Incorrect handling of `shape` in `FederatedDataset` and other classes
Context:
For the MedicalFolderDataset
class, we allow the shape
field on TinyDB to be a dict with the following semantics {modality: shape_array}
. Note: usually the shape
is directly the shape_array
, not inserted into any collection.
Problem:
Currently, our FederatedDataset
does not handle this correctly. For example, the sample_sizes
function calls
sample_sizes.append(val[0]["shape"][0])
which will fail when shape
is a dict.
Bigger problem:
It's hard to decide how to solve this.
On the one hand, different modalities may have different numbers of samples and/or shapes. This means that the shape
field cannot be a single shape_array
value as it is for other data types.
On the other hand, the FederatedDataset
doesn't have any knowledge of the specifics of the experiment (e.g. which modality is used by the researcher).

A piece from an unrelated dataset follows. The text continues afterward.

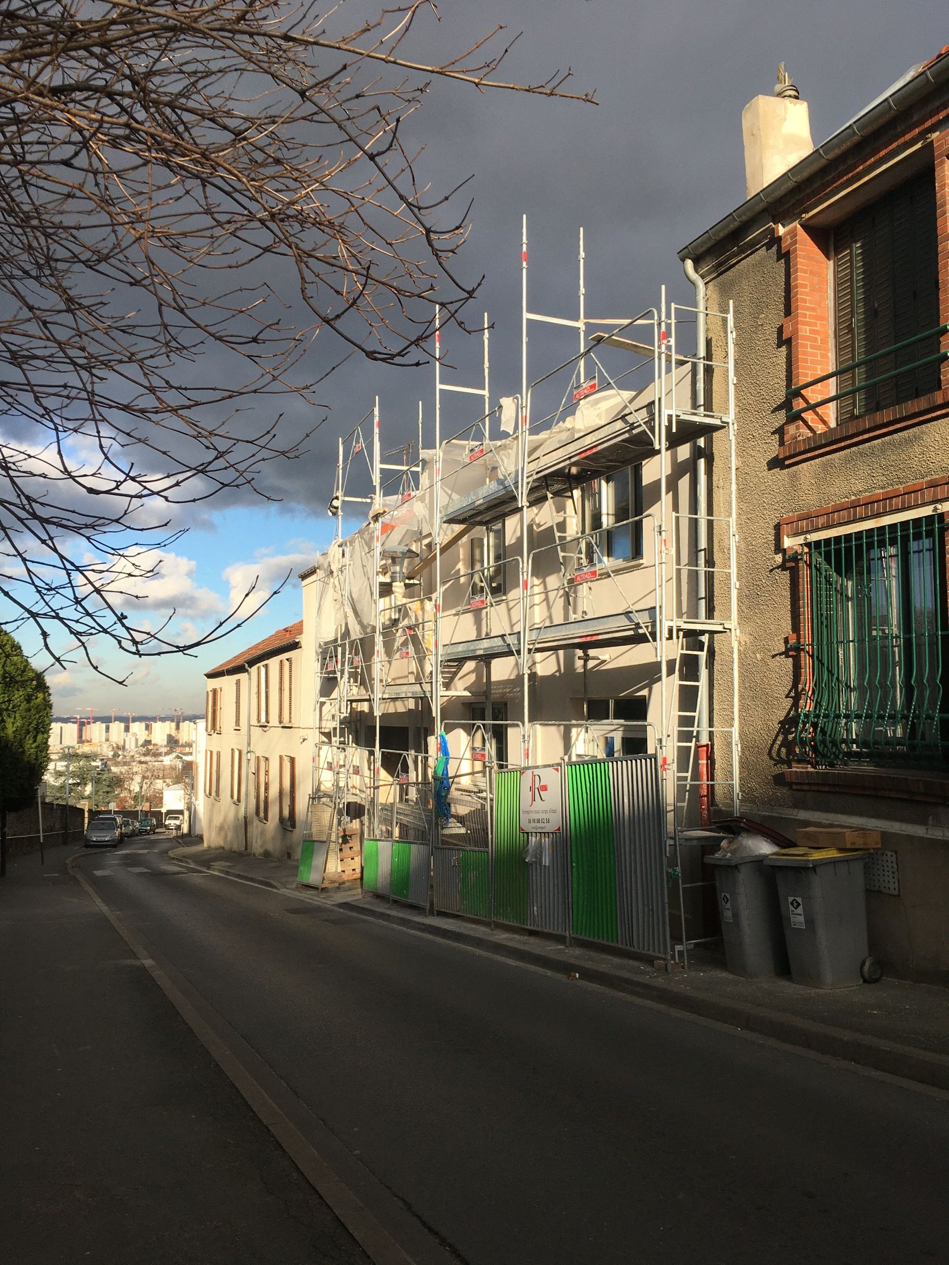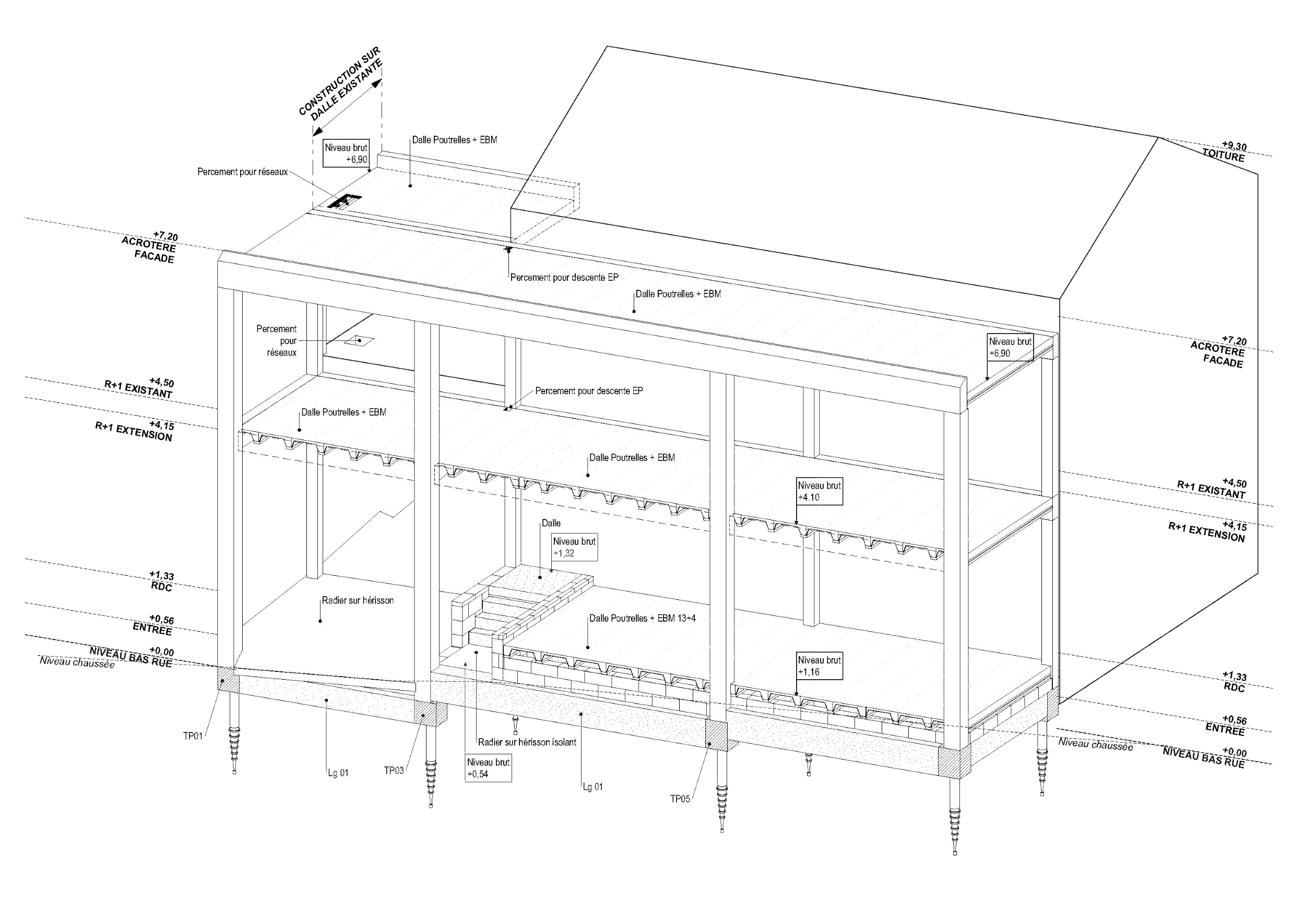 - À proposAgrandissement d’une maison pour créer 2 logements, des ateliers, et une grande toiture terrasse avec vue sur le grand paysage de Seine-Saint-Denis. Construction en béton de chanvre sur terrain argileux. Vis de fondations, planchers poutrelle et entrevous bois-moulé, isolations biosourcées, chauffage par poêle à bois central. Chantier en milieu occupé. Travaux intérieurs en auto-construction par la maitrise d’ouvrage.

Similar problem and possible solution (I don't like this solution)
I had the exact same problem in the Strategy
, and I solved it by creating a custom Strategy which takes the modality as a parameter, and has minimal differences w.r.t the original stragegy.
We could solve this issue with a similar approach:
- researcher inherits from FederatedDataset to create a custom one that knows about data modalities
- researcher provides this class to the
Experiment
, and in that moment they can also provide the correct modality
However, there are many reasons why this is a bad solution, but one obvious one is that the MedicaFolderDataset
is provided by us, so it should be better integrated with the rest of the classes in the library. It shouldn't require the researcher to write millions of lines of boilerplate.
Conclusion
I'm not sure what to suggest to solve this, help!